• [WHAT NEEDS TO BE DONE]: All of the data, from the first line to the last, should be reproduced without alteration.
+++ DATA TO PROCESS
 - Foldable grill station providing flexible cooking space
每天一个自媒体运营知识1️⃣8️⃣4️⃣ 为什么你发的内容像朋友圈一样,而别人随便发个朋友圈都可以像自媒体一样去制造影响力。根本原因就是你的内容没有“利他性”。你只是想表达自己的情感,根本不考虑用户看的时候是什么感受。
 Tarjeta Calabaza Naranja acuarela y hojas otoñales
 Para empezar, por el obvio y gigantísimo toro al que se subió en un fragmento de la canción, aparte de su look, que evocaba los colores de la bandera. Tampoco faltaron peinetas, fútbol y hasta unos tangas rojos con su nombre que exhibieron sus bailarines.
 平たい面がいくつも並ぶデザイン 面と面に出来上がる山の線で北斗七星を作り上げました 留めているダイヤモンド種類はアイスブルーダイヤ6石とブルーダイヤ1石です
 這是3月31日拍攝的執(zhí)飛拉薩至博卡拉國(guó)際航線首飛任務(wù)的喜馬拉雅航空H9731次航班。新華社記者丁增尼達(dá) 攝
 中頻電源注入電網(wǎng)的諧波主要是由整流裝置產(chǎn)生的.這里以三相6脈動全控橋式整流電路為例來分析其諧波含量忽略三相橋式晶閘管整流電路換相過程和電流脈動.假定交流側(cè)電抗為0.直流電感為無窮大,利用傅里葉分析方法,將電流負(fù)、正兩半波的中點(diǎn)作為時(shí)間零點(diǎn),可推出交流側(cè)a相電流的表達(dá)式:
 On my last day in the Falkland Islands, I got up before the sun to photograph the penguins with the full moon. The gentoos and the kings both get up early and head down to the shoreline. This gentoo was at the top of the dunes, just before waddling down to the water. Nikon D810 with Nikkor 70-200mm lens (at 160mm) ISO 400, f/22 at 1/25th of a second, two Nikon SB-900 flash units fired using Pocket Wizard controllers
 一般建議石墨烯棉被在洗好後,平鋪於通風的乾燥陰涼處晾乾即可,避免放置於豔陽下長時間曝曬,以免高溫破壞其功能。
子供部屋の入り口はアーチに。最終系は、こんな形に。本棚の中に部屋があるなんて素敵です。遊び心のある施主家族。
++++++
• [YOUR SOLUTION]:
 - Foldable grill station providing flexible cooking space
每天一个自媒体运营知识1️⃣8️⃣4️⃣ 为什么你发的内容像朋友圈一样,而别人随便发个朋友圈都可以像自媒体一样去制造影响力。根本原因就是你的内容没有“利他性”。你只是想表达自己的情感,根本不考虑用户看的时候是什么感受。
 Tarjeta Calabaza Naranja acuarela y hojas otoñales
 Para empezar, por el obvio y gigantísimo toro al que se subió en un fragmento de la canción, aparte de su look, que evocaba los colores de la bandera. Tampoco faltaron peinetas, fútbol y hasta unos tangas rojos con su nombre que exhibieron sus bailarines.
 平たい面がいくつも並ぶデザイン 面と面に出来上がる山の線で北斗七星を作り上げました 留めているダイヤモンド種類はアイスブルーダイヤ6石とブルーダイヤ1石です
 這是3月31日拍攝的執(zhí)飛拉薩至博卡拉國(guó)際航線首飛任務(wù)的喜馬拉雅航空H9731次航班。新華社記者丁增尼達(dá) 攝
 中頻電源注入電網(wǎng)的諧波主要是由整流裝置產(chǎn)生的.這里以三相6脈動全控橋式整流電路為例來分析其諧波含量忽略三相橋式晶閘管整流電路換相過程和電流脈動.假定交流側(cè)電抗為0.直流電感為無窮大,利用傅里葉分析方法,將電流負(fù)、正兩半波的中點(diǎn)作為時(shí)間零點(diǎn),可推出交流側(cè)a相電流的表達(dá)式:
 On my last day in the Falkland Islands, I got up before the sun to photograph the penguins with the full moon. The gentoos and the kings both get up early and head down to the shoreline. This gentoo was at the top of the dunes, just before waddling down to the water. Nikon D810 with Nikkor 70-200mm lens (at 160mm) ISO 400, f/22 at 1/25th of a second, two Nikon SB-900 flash units fired using Pocket Wizard controllers
 一般建議石墨烯棉被在洗好後,平鋪於通風的乾燥陰涼處晾乾即可,避免放置於豔陽下長時間曝曬,以免高溫破壞其功能。
子供部屋の入り口はアーチに。最終系は、こんな形に。本棚の中に部屋があるなんて素敵です。遊び心のある施主家族。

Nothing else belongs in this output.